## Work request
Look below for the line that has "ラインストーンの花のショートネックレス フラワー". Set down the lines from there through the line that has "- Place the", exactly as written.

## Data to examine
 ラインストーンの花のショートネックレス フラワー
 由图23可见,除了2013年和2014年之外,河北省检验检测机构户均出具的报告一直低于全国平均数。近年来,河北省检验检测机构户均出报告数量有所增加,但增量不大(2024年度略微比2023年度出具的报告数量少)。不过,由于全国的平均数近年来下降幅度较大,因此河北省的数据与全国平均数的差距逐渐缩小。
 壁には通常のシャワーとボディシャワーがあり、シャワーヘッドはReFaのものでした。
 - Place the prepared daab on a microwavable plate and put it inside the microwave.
...
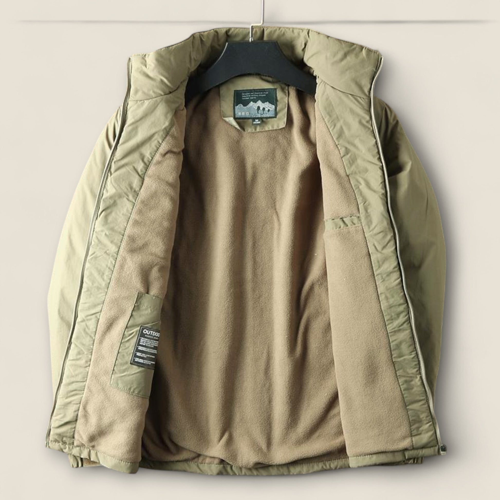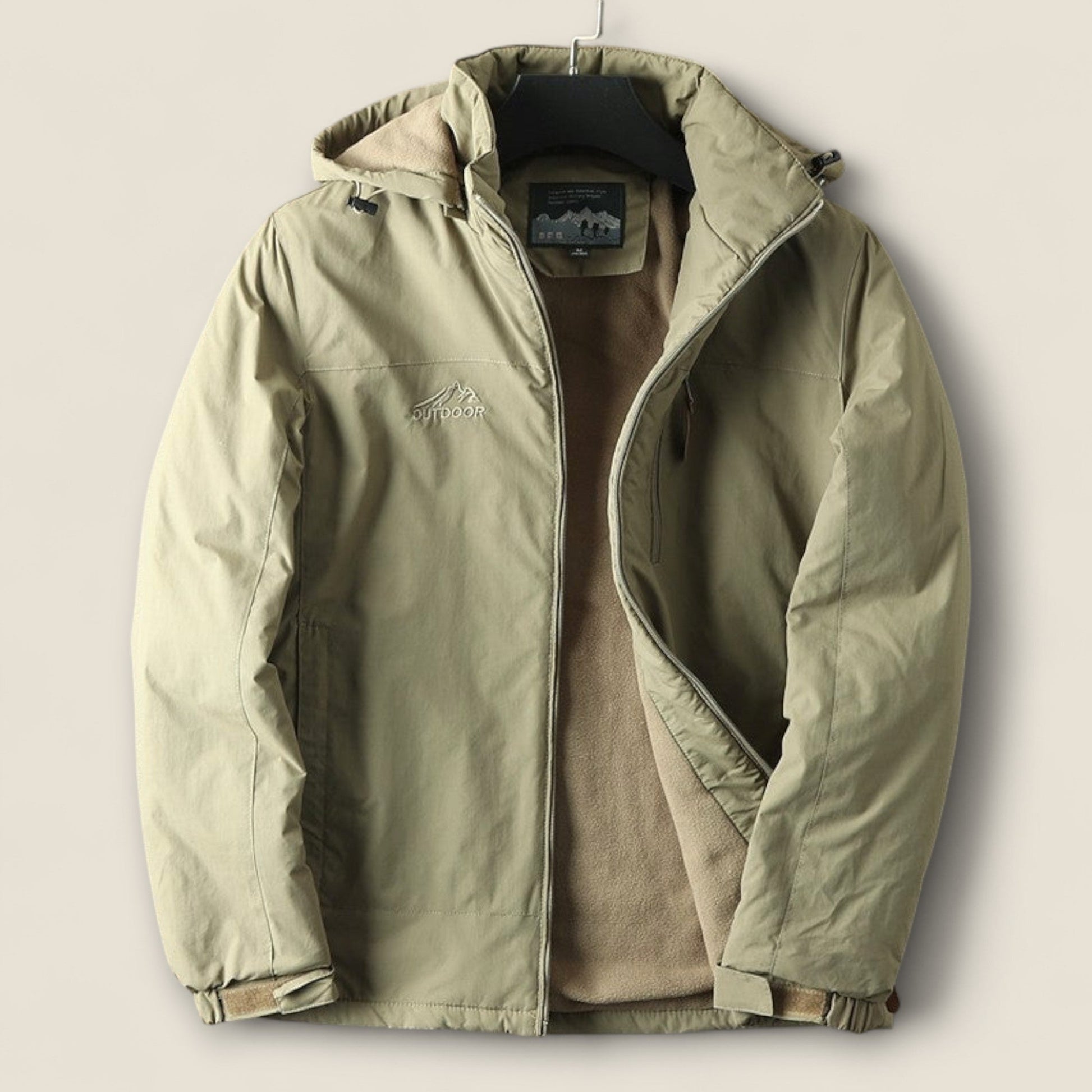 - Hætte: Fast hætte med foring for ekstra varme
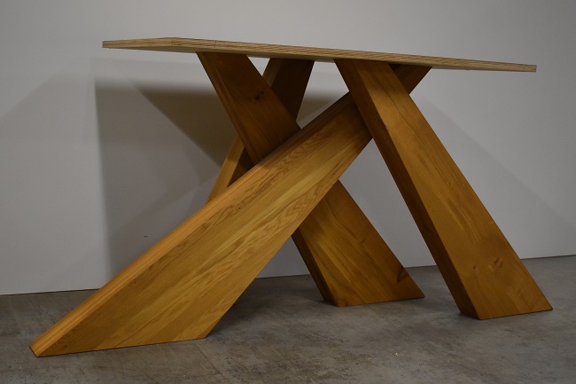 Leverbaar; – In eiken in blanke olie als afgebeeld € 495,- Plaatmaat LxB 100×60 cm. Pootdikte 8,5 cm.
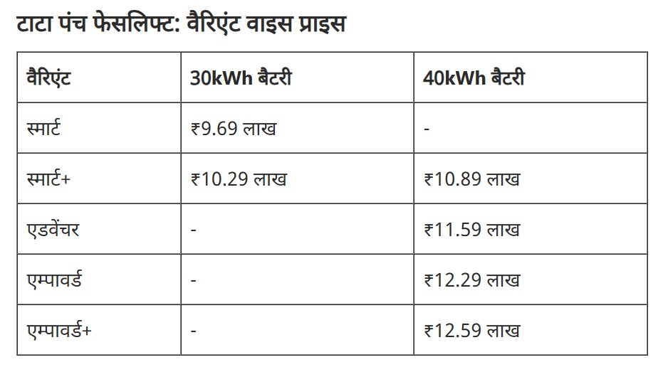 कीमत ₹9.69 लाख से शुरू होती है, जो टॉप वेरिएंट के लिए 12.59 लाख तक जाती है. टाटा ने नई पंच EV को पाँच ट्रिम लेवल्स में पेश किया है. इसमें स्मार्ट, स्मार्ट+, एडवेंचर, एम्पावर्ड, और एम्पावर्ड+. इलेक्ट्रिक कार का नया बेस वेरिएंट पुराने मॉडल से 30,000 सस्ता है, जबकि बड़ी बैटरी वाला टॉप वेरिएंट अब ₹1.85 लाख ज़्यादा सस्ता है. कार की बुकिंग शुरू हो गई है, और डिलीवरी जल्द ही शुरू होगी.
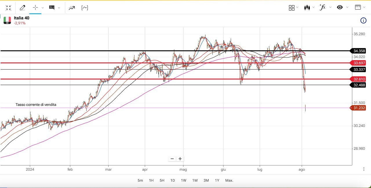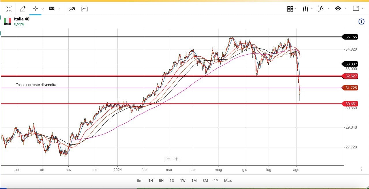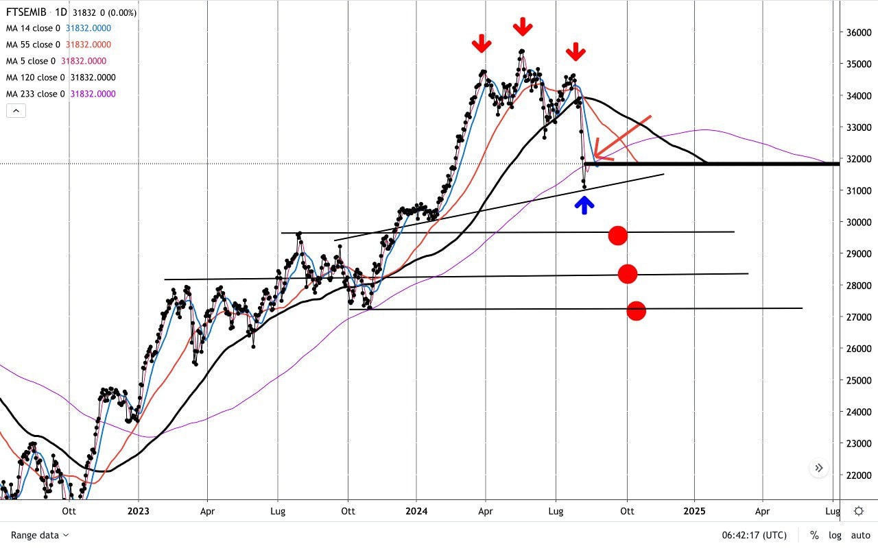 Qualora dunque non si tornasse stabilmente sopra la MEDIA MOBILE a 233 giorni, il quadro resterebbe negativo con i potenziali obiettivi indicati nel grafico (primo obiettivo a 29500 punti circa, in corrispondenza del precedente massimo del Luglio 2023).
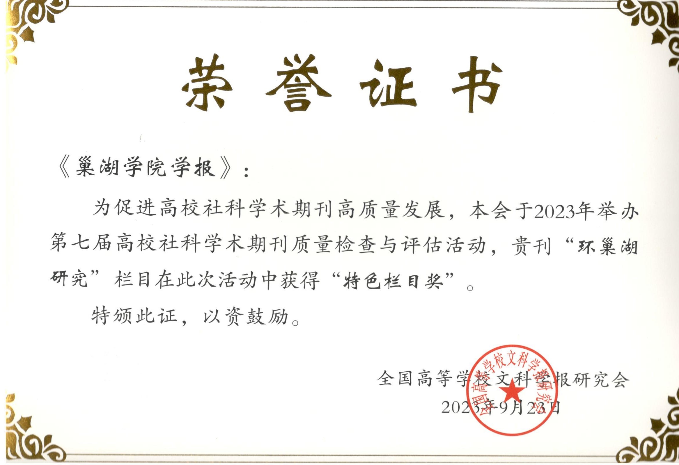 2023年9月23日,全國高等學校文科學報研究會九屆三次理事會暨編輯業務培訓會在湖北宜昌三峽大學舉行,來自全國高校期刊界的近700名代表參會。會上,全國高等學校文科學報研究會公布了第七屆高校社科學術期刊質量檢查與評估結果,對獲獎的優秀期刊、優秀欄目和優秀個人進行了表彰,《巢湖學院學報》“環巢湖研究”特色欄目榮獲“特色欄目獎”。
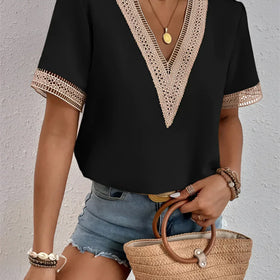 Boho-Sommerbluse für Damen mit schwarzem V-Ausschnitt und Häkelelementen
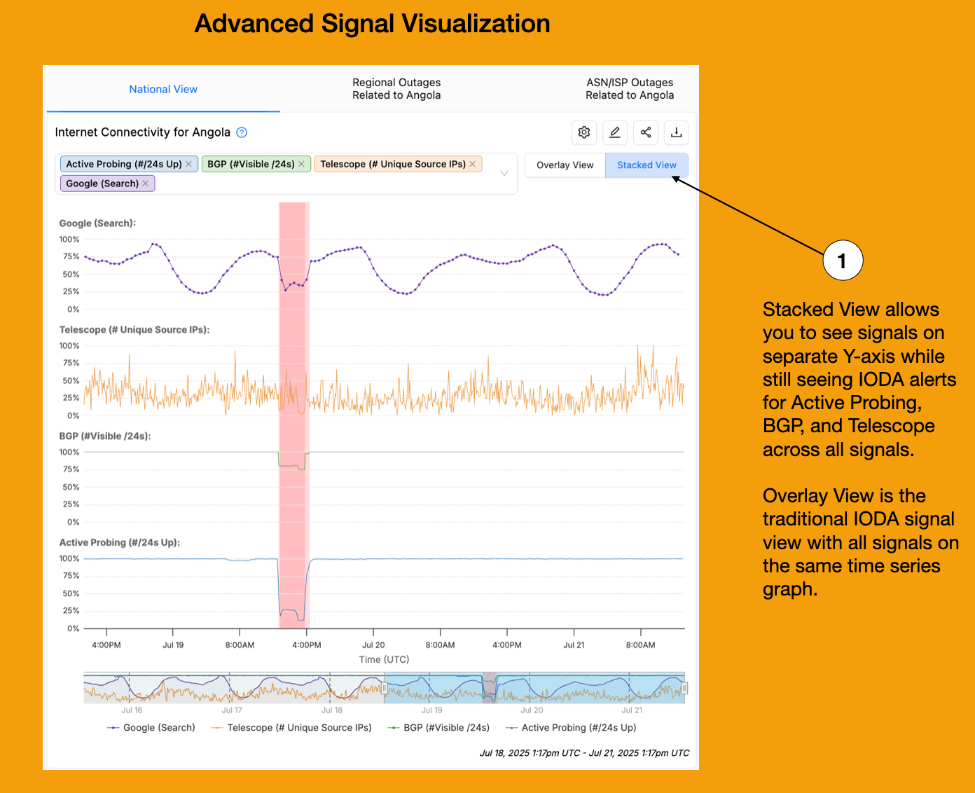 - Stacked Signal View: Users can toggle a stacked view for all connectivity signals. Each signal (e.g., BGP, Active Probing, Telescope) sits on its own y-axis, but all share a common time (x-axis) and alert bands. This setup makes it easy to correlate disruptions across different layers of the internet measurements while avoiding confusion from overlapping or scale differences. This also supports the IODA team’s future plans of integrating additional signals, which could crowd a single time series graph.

## Exercise result
 ラインストーンの花のショートネックレス フラワー
 由图23可见,除了2013年和2014年之外,河北省检验检测机构户均出具的报告一直低于全国平均数。近年来,河北省检验检测机构户均出报告数量有所增加,但增量不大(2024年度略微比2023年度出具的报告数量少)。不过,由于全国的平均数近年来下降幅度较大,因此河北省的数据与全国平均数的差距逐渐缩小。
 壁には通常のシャワーとボディシャワーがあり、シャワーヘッドはReFaのものでした。
 - Place the prepared daab on a microwavable plate and put it inside the microwave.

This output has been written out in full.